Por María Victoria Bermúdez Lozano.
Un día cualquiera del caluroso agosto de 2011, María recibió un escueto mensaje que decía:
¿Eres la niña que pasaba vacaciones en Tunja?
Ella de inmediato identificó al remitente y sonriendo emocionada dijo en voz baja como si él la estuviera escuchando: sí soy yo. Tuvo la intención de responderle por escrito, pero no sabía cómo funcionaba el Messenger. En la hoja de papel donde escribía sus ejercicios de inglés hizo cuentas de los años que habían pasado: treinta y ocho años. Se sorprendió porque a pesar de todo ese tiempo las imágenes y recuerdos que la ligaban a esa persona y a esas vacaciones se habían guardado en su memoria y ahora las podía recuperar de manera vívida, como si solo lo hubiera visto ayer.
Pasaron diez años para que esa intención de responder se hiciera inaplazable. En julio de 2021, en plena pandemia del COVID-19, María se dedicó a dar pasos concretos para emprender la búsqueda de Jorge. Las repetidas y fallidas exploraciones en Facebook no la desanimaron. Se apoyó en su prima Tere para que le recordara su segundo apellido, pero fue en vano, ella no lo sabía.

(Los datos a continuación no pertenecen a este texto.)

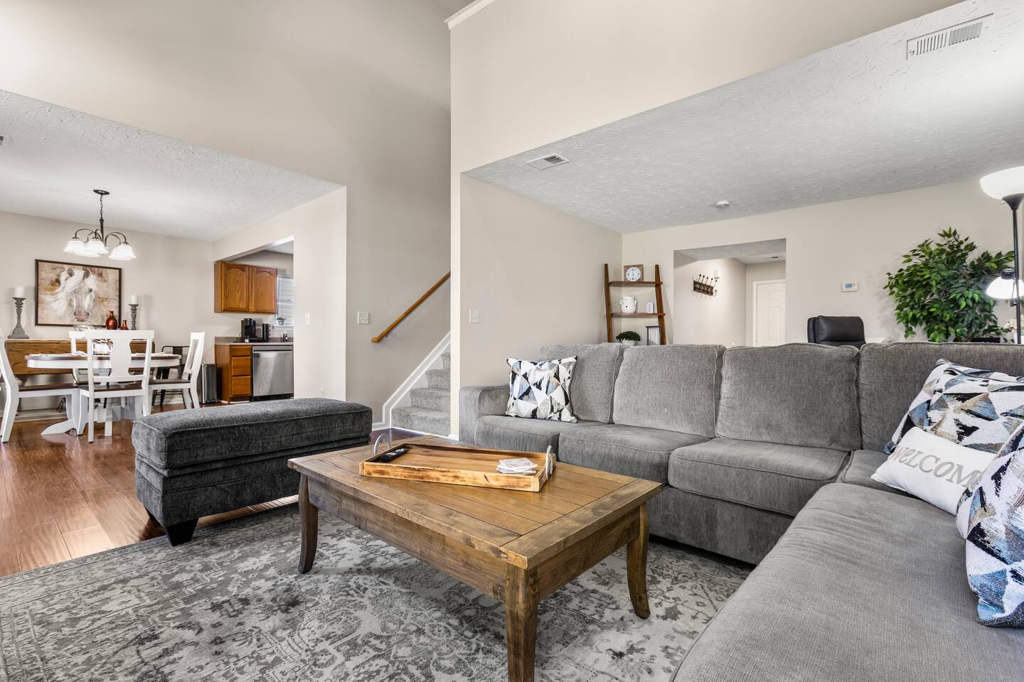 We are in the middle of building a house (and living in an RV). My son also just sold his house and living with his in laws until they can build. This house was perfect for my family to come together and celebrate Thanksgiving. We all loved it, even the kids! They loved having the separate sitting area to watch what they wanted on TV.
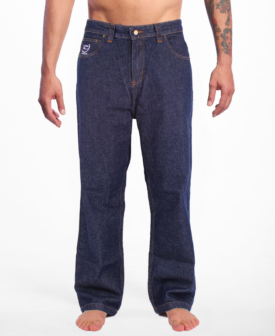 Jean Rip Cul Dosed Blue Raw. DENIM STRECH BLUE 10 Oz. Relaxed fit. Raw. Bordados de marca. Metales plata vieja. Costuras a contratono. 99% Algodon 1% Elastano.
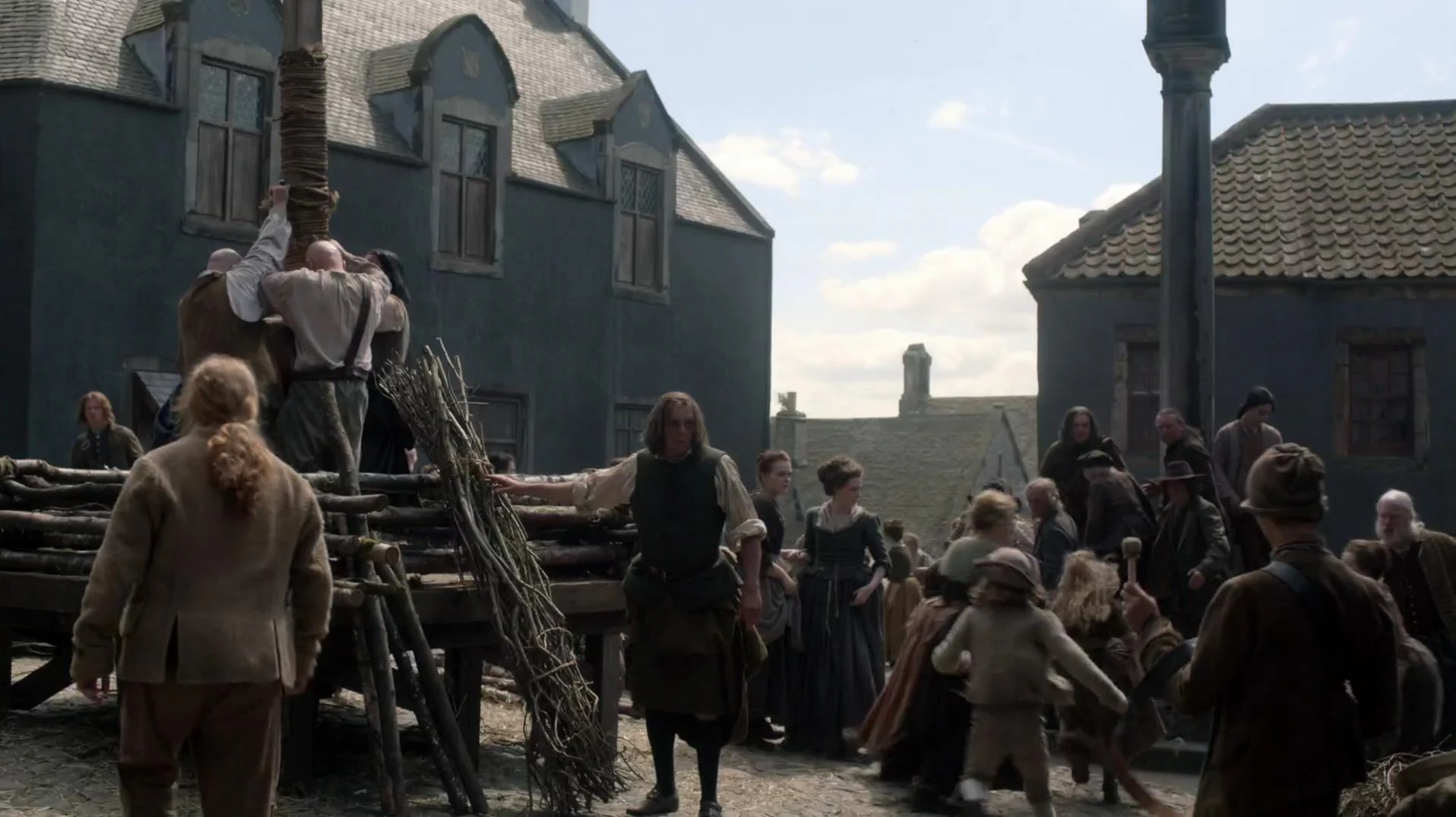 Su zona de Mercat se usó para recrear la aldea de Cranesmuir. Los edificios, de teja roja y piedra caliza blanca están bien conservados, como la Casa de Ciudad, donde se grabó el juicio por brujería de Claire y Geillis y donde las mantienen a la espera de ejecución. [3]
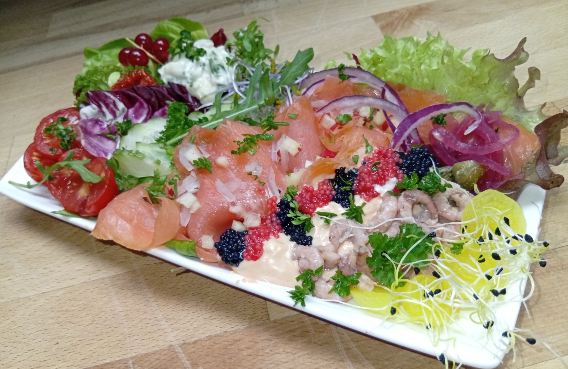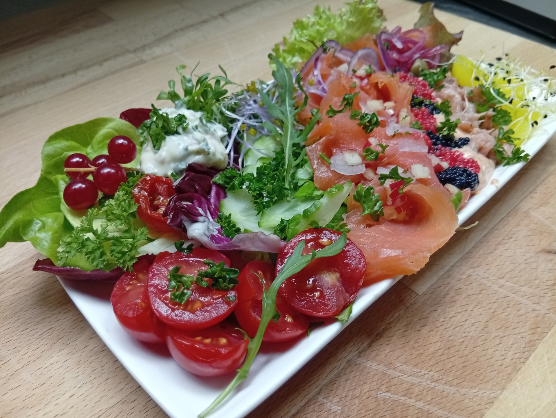 *Zalmschoteltje omringt met fris slaatje etc... en geroosterde broodjes.
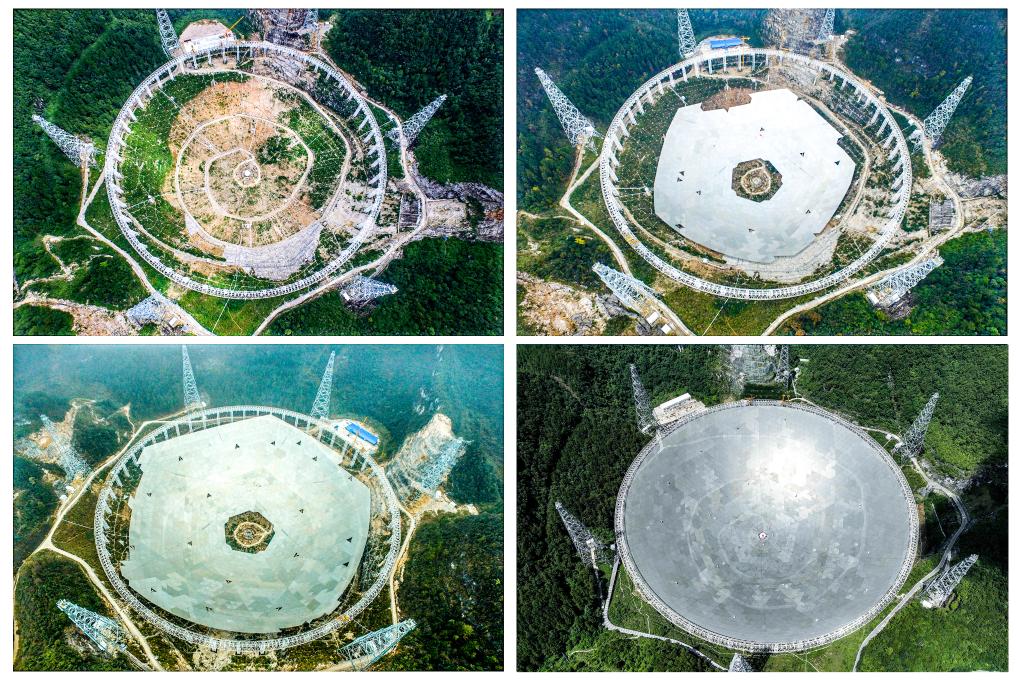 這是一張拼版照片:依次為“中國天眼”拼裝第一塊反射面板(左上,2015年8月攝)、“中國天眼”反射面板安裝近半(右上,2015年12月攝)、“中國天眼”反射面板安裝近八成(左下,2016年3月攝)、維護保養期間的“中國天眼”(右下,2022年7月攝)(無人機照片)。新華社記者 歐東衢 攝
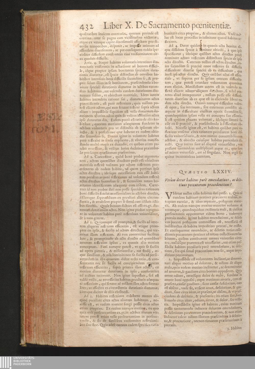 LXXIV. Vtrum detur habitus purè emendatiuus, ac deletiuus peccatorum præcedentiu[...]
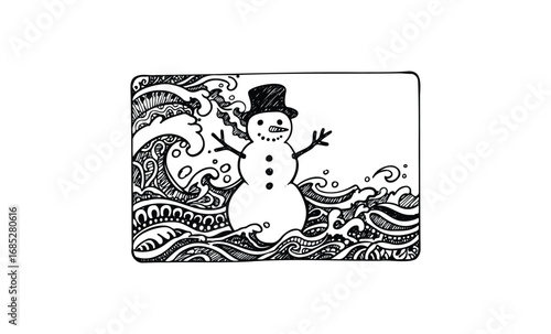 Obraz premium Snowman in abstract ocean waves with intricate patterns and black top hat. Vector retro hand drawn illustration
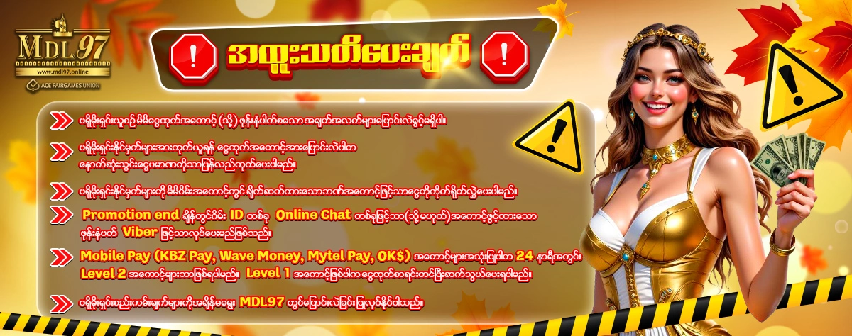 ⚠️အေၾကာင္းအမ်ိဳးမ်ိဳးေၾကာင့္ Promtion ႏိုင္ေငြအားေငြထုတ္ခ်ိန္တြင္ ေငြထုတ္ပယ္ဖ်က္ခံရပါက MDL97 Customer Service သို႔ဆက္သြယ္အေၾကာင္းၾကားေပးရမည္။ မဆက္သြယ္ဘဲ ပ႐ိုမိုးရွင္းႏိုင္မွတ္ျဖင့္ဆက္ကစားၿပီး ေငြထုတ္ပါက Promotion end ခ်ိန္ရွိသည့္အမွတ္သာထုတ္ေပးမည္။
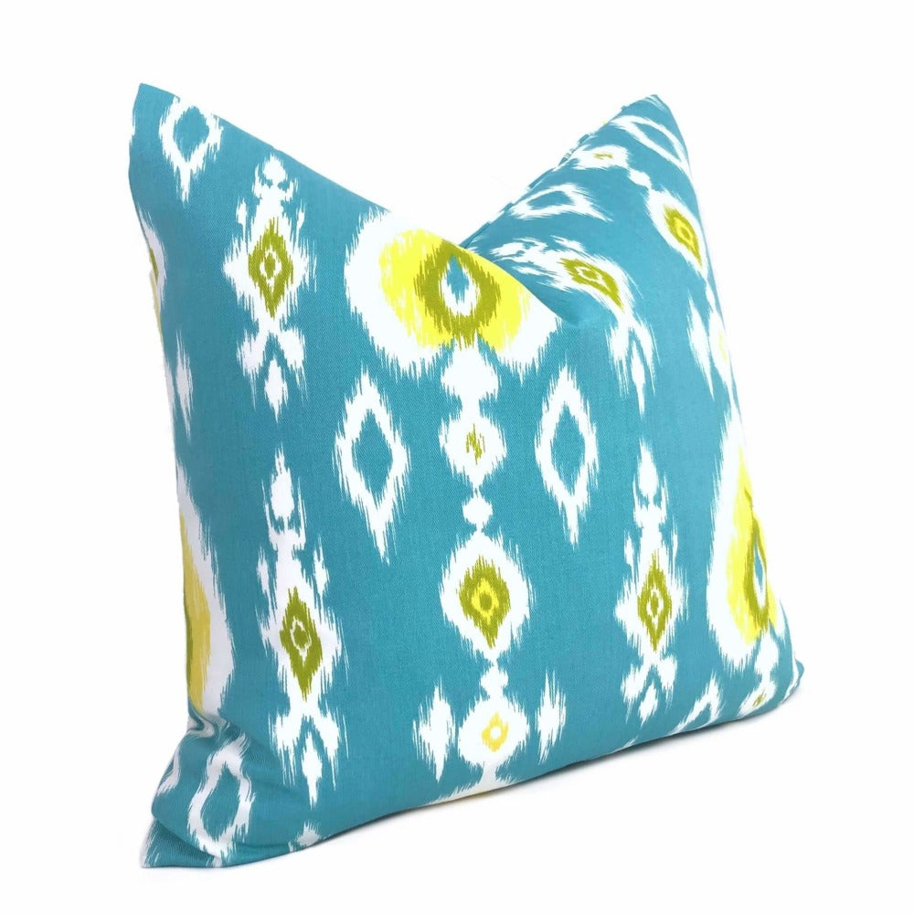 Bright and cheerful, this Ikat pillow cover rocks a global ethnic vibe in turquoise blue with white and yellow accents.
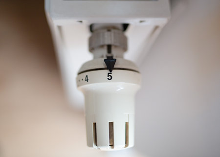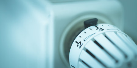 Close-up of a thermostatic temperature control valve on a radiator. Concept of energy efficiency, temperature regulation, and home heating.
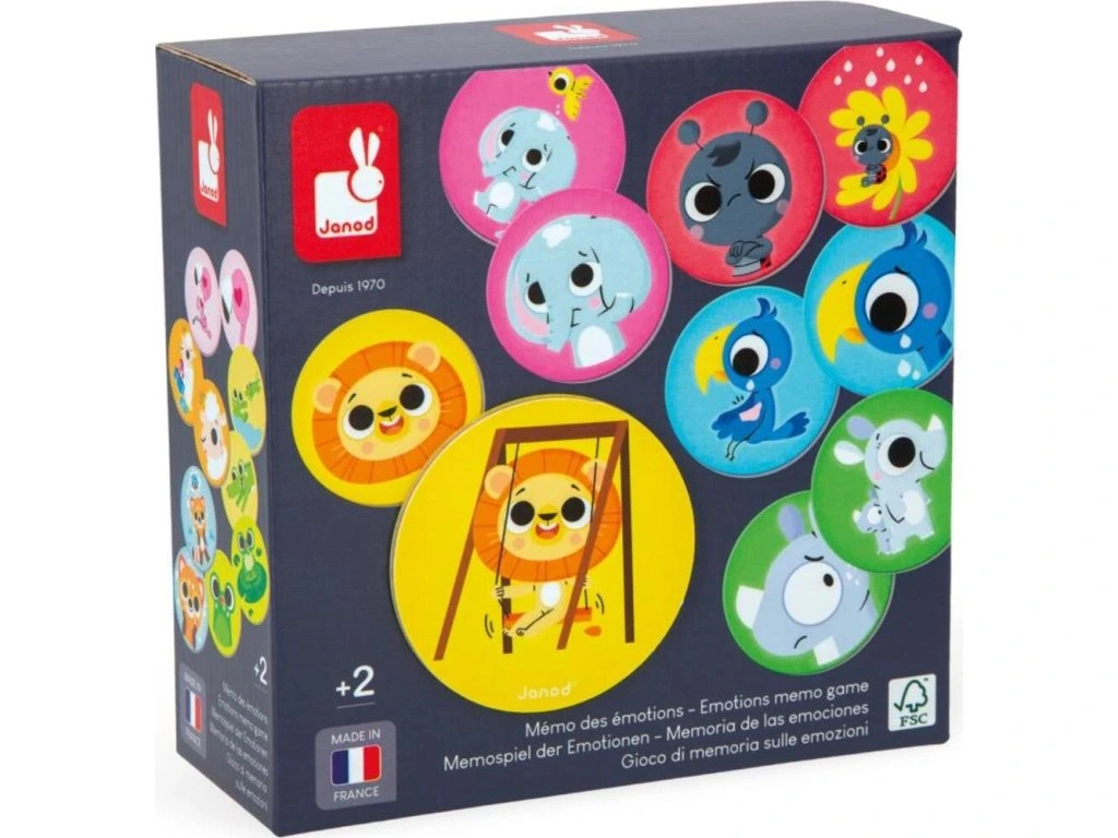 Každý pár žetonů obsahuje jeden s detailní ilustrací emocí a druhý, který ji uvádí do kontextu. Hra podporuje rozvoj myšlení, pozorovacích schopností a emocionální inteligence dětí.
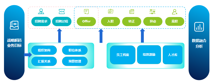 北森倡导端到端的流程一体化,从战略到组织,再到整个职位岗位体系及人力规划,以招聘需求为起点,贯穿到员工入转调离的一体化场景中去,并能归结于员工档案绩效、人才库等,以此打造一个员工数字化体系,实现从“用工”到“员工”的全生命周期管理流程一体化。
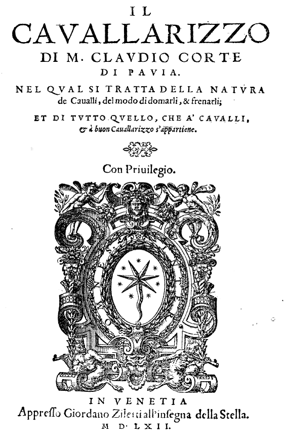 Der (Kunst)Reitervon Claudio Corte aus PaviaMit Abhandlungen über die Natur der Pferde, die Kunst sie einzureiten und zu zäumen sowie von allem, was zu den Pferden und zu einem Kunstreiter gehört. Mit Erlaubnis in Venedig gedruckt von Giordano Ziletti mit dem Markenzeichen des Sternes. Das Buch ist heute weniger bekannt als Grisones 'Ordini di cavalcare', wurde aber im 16. Jahrhundert als mindesten gleichrangig bewertet und in mehrere Sprachen übersetzt. So von Thomas Bedingfield (London 1584) unter dem Titel: 'The art of riding'. Man ist sicher, dass Shakespeare das Buch gelesen hat, da dessen Beschreibung eines guten Pferdes in seinem Werk 'Venus und Adonis' an Bedingfields Text stark angelehnt ist. Zum Originaltext |
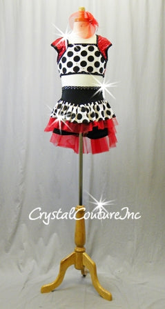 Sassy Black/White polka dot lycra top and skirt with Red accents. Top has Red zsa zsa sequin back and sleeves, trimmed with Black lycra. Paired with polka dot skirt, Red tulle layer and attached Black booty shorts. Costume is decorated with rhinestones!!
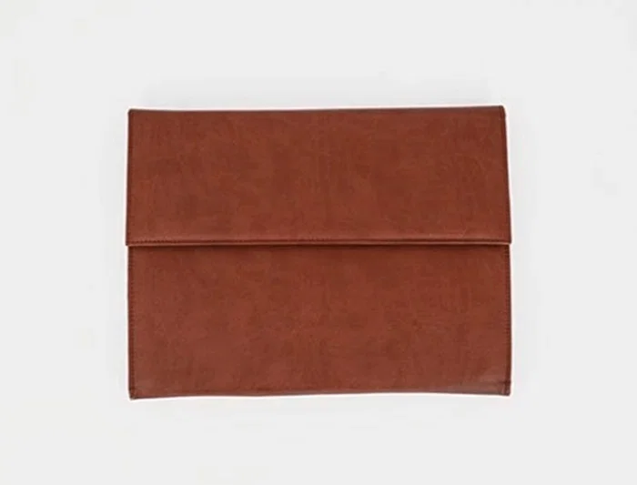 Carpeta para documentos confeccionada en piel sintética. Doble cierre de imán. Color marrón cuero. Formato DIN A4. Fabricada en Ubrique, España. Medidas: 260 x 235 x 35 mm.

María no se dio por vencida, respiró hondo varias veces, volvió a la red social, encontró el icono de Messenger, empezó a buscar con cuidado; en minutos descubrió que el mensaje del 2011 seguía ahí, de inmediato escribió: –Si, soy yo. Después cruzó los dedos, mordió su labio inferior y sin pestañear miró la pantalla del computador, volvió a respirar. Poco tiempo después, oyó la notificación de Messenger, luego leyó:
–¡Que alegría! ¿qué es de tu bella vida?
El corazón de ella retumbaba, no hallaba qué contestar, por fin escribió: buenas tardes, estoy bien, ¿quieres ser mi amigo en Facebook? y anotó su nombre y sus dos apellidos. Él de inmediato contestó: –claro que sí, yo me acuerdo de tu nombre y apellidos, también que en tu familia te decían Mary. Enseguida los dos al tiempo anotaron sus números de teléfono en el chat. Por primera vez en sus vidas hablaron por celular, luego él le enseñó a activar la cámara. Era evidente que los dos estaban emocionados. Esa tarde se contaron parte de sus vidas y recordaron lo que habían vivido en su adolescencia.
Se habían conocido en la época en que muchos niños pasaban vacaciones en las casas de los abuelos o los tíos. En esa ocasión María y su hermana mayor, Luz, fueron a pasar vacaciones a Tunja, a la casa de una tía materna que vivía allá y las había invitado varias veces. Aunque el viaje en bus duró más de 12 horas, llegaron ansiosas por conocer esa ciudad colonial que a su papá le fascinaba. Los tíos las recibieron con cariño y en su pequeña pero acogedora casa, les asignaron una habitación que recibía el sol de la tarde, daba a la calle y tenía una ventana fija.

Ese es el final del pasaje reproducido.